What will the Trump administration look like?

If you were to walk uptown from where I now sit, happily ensconced in a cafe near the financial district, to where fifth avenue broadens into Central Park you would see a curious sight. Reporters clustered on the sidewalks, black town-cars and limousines depositing and collecting an endless stream of grandees and cognoscenti, cameras watching with voracious intensity the comings and goings to discern some hint of what the future might hold. Because by some strange alchemy sixty million American voters have transmuted Trump Tower into the American Versailles.

It may lack the architectural and artistic merit of the great French palace, or even of the dingy hunting lodge that preceded that structure. Personally I think the interior looks to have been decorated by a deranged and particularly gauche magpie, but it has all the crucial factors in common. Trump Tower is now the epicenter of the new regime, the seat of power, the venue of court and the home of he who would be king. That is why, night and day you can see the courtiers dancing and bobbing, jockeying for position and primacy. Because the question everyone is currently asking themselves right now is this: What will this new order look like?

There are three broad schools of thought on the subject right now. And each of them is strengthened by some particular appointment already announced.

The Alt-Right

I have resigned myself to having to write about what on earth the ‘alt-right’ is at some point. The fact that is necessary is frankly nauseating. Would that we could simply say they were irrelevant crazies unworthy of further discussion, but the appointment of their champion in the scruffy and belligerent personage of Steve Bannon  to a prime White-House post makes this sadly impossible.

To be brief this group is composed of hard-right, conspiratorial, traditionalist and anti-establishment movement of hardcore reactionaries often in thrall to racialised notions of American identity. White nationalism, or at least white identity-politics, anti-semitism and bigotry of sundry flavors is their stock in trade.

Already they have been disappointed by Trump’s backflip on the prosecution of Hillary Clinton, and I doubt this will be the last time their hopes are dashed on the rocks of Trump’s attempt to move towards the center. But I list them first, because they are his most ardent supporters. And I think when pressured and frustrated, this is where he will run. His home-base, if you will, where he will run if threatened.

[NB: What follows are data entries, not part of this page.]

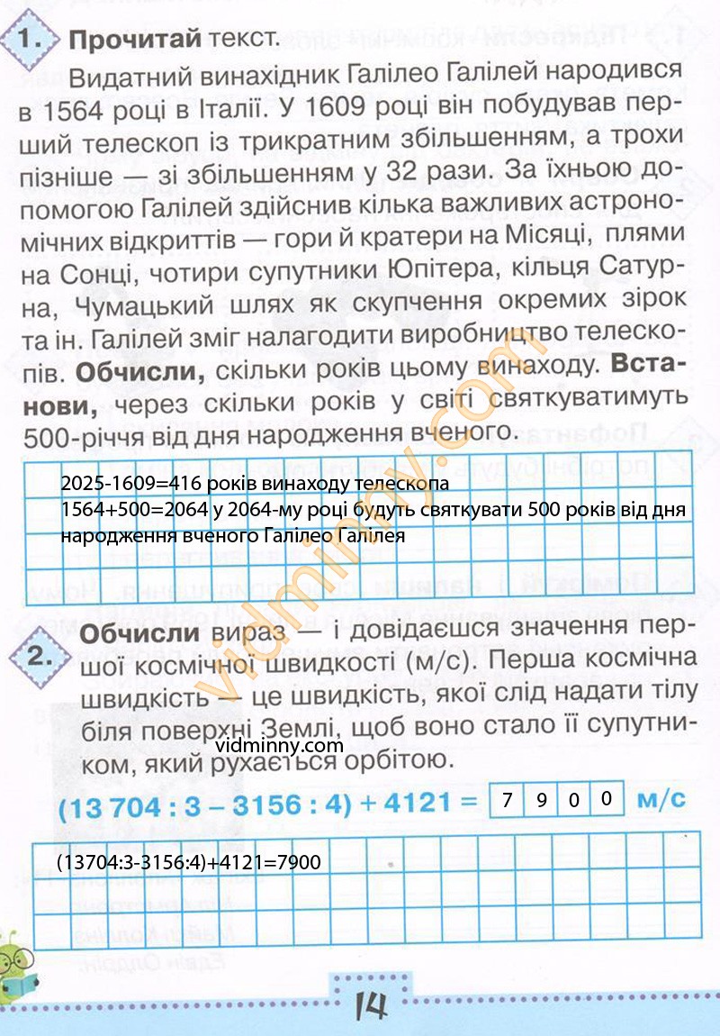 Видатний винахідник Галілео Галілей народився в 1564 році в Італії. У 1906 році він побудував перший телескоп із трикратним збільшенням, а трохи пізніше - зі збільшенням у 32 рази. За їхньою допомогою Галілей здійснив кілька важливих астрономічних відкриттів - гори й кратери на Місяці, плями на Сонці, чотири супутники Юпітера, кільця Сатурна, Чумацький шлях, як скупчення окремих зірок та ін. Обчисли, скільки років цьому винаходу. Встанови, через скільки років у світі святкуватимуть 500-річчя від дня народження вченого.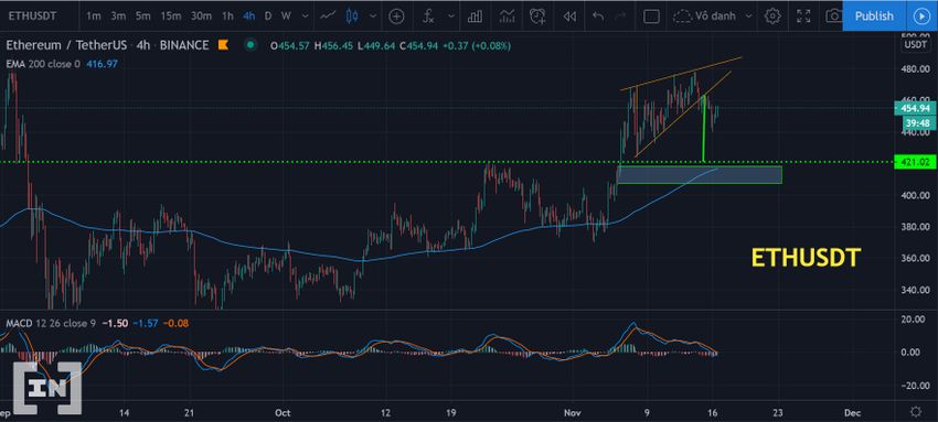 Theo biểu đồ khung thời gian 4 giờ, giá ETH đã phá vỡ mô hình nêm tăng. Sau đó, giá đảo chiều tạo xu hướng giảm tiến về ngưỡng hỗ trợ 12,400 USD. Khi đo khoảng cách chiều cao mô hình này, mục tiêu của đợt điều chỉnh vùng hỗ trợ 420 USD.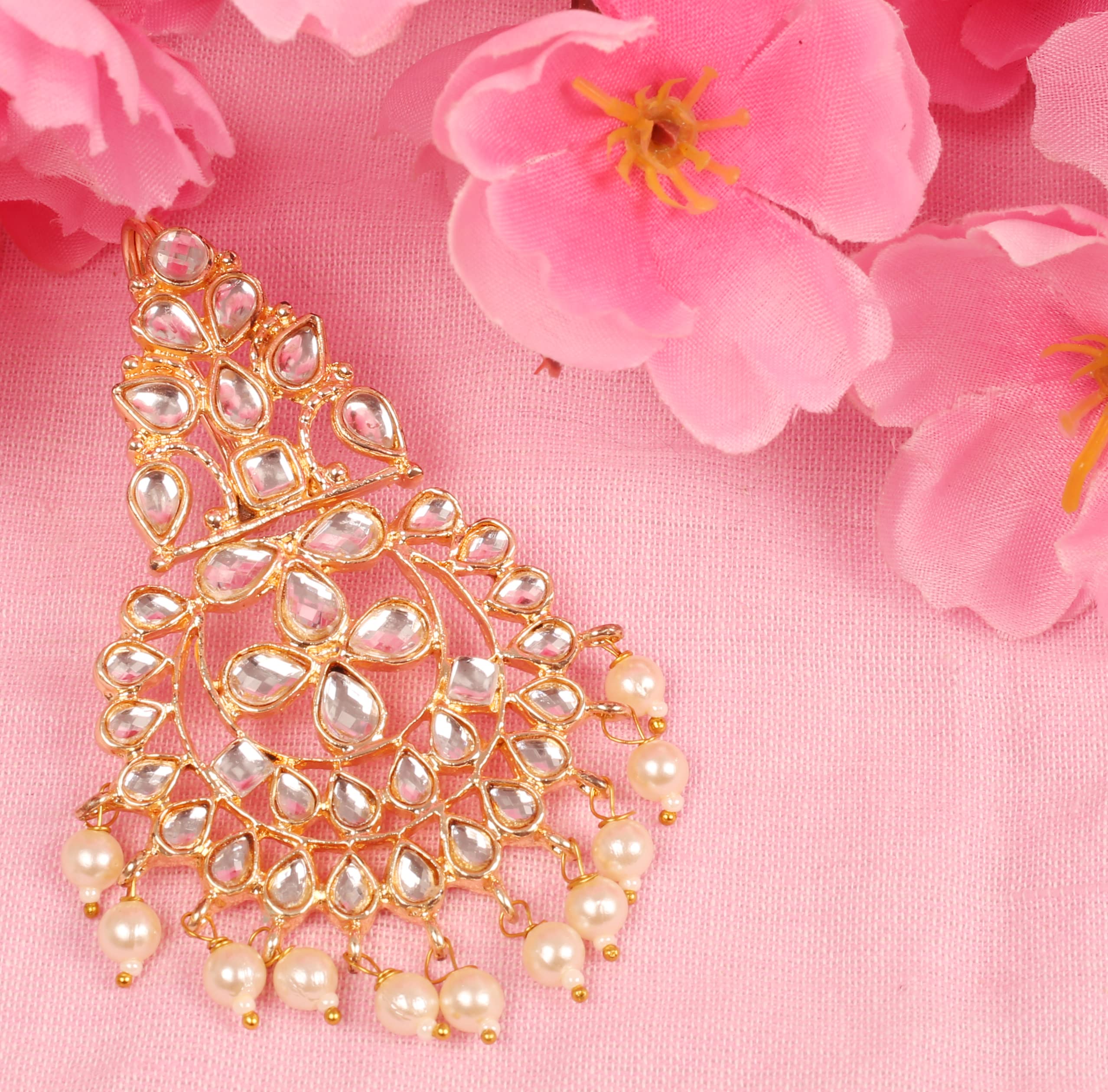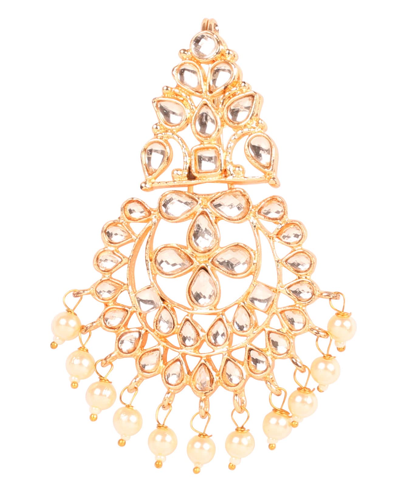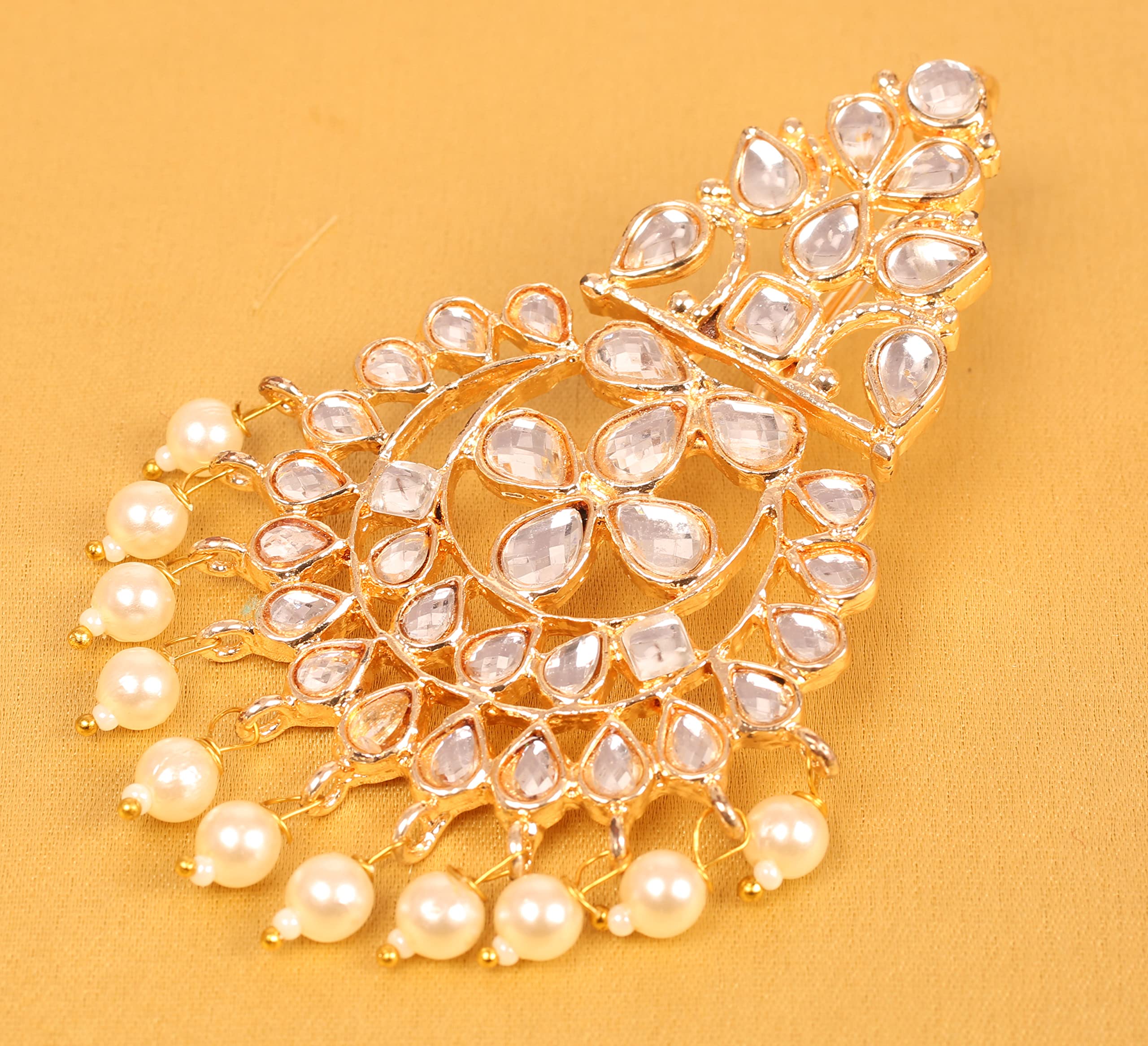 HomeFashionHair AccessoriesNew! Touchstone Indian Bollywood Handcrafted Floral Crescent Inspired Mughal Kundan Polki Look Faux Pearls Designer Jewelry Jhoomer Hand Head Wedding Accessory in Gold Tone for Women.

If Trump goes along the path of an Alt-Right administration expect to see national registries of perceived undesirables, a more activist and authoritarian state and the reversal of current policies on housing desegregation and voting rights. Ethno-nationalism will be the order of the day.

The ‘Normal’ Republican

This would be the more white-bread option. Think of people like Reince Preibus, Paul Ryan, Mitt Romney and so on. They control congress as well as the traditional Republican organs of party support like the Club for Growth, the Chamber of Commerce and the NRA. They are also not that crazy. I would prefer if they were not even a little bit crazy, but as they say in the land of the blind the one eyed man is king.

If this is the route Trump goes with his administration, expect large scale tax-cuts, the changing of Medicare into a voucher system, the hollowing-out of the public education system in favor of public money going to charter schools, higher defence spending and the erosion of the social safety net.

The Pragmatist
More than any president since Eisenhower Trump is entering the white-house without a set ideological position. He is not ‘from’ any particular group, really. He sometimes sounds like a normal corporate Republican, sometimes like an old-school Union Democrat and sometimes like the running-dog of the Alt-Right. This leads some people to believe that he will govern pragmatically in a way that could unite the country, taking issues as they come and trying to solve them without being hidebound by any particular world-view.

That is possible. But unlikely. As the great British socialist Aneurin Bevan once said the problem with standing in the middle of the road is that you get hit by cars going both ways. And Bevan never had to deal with the 24 hour, hyper-charged, social-network driven circus we are currently pleased to call the media. Which could end up being somewhat tragic, as this is probably where Trump’s corporate leadership style and personal inclinations would probably lead him.

For example. Trillion dollar infrastructure package? Small-Government and libertarian leaning Republicans will have kittens. Huge tax cuts? Liberal democrats will go crazy and start painting him as an out of touch plutocrat. Go after Roe V Wade? Women’s groups will burn him in effigy. Accept marriage equality as settled law? Religious conservatives will desert him in droves. This is one of the reasons America is so neatly sorted ideologically and demographically right now.  Your failure to observe the shibboleths of a particular group will be shouted from the rooftops, irrespective of the fact that you are aligned with them 75% of the way. Just ask Hillary Clinton.

So what will it be like?

To be honest, God only knows. But it will certainly be interesting. My money is on a confused and haphazard administration without the steadying influence of any kind of keel of ideological consistency. Under pressure I think he runs to the right-wing.

But the crucial problem for him is he has no great constituency in the professional Republican party. He brought them to him because of his popularity with voters and his comparison to Clinton. But President’s are not compared to the alternative as candidates are, the are compared to the protean ideal. If his numbers start to collapse the vultures will begin to circle, tearing strips off him to protect their own political futures. That is when circus begins. ‘May you live in interesting times’ indeed.

What will the Trump administration look like?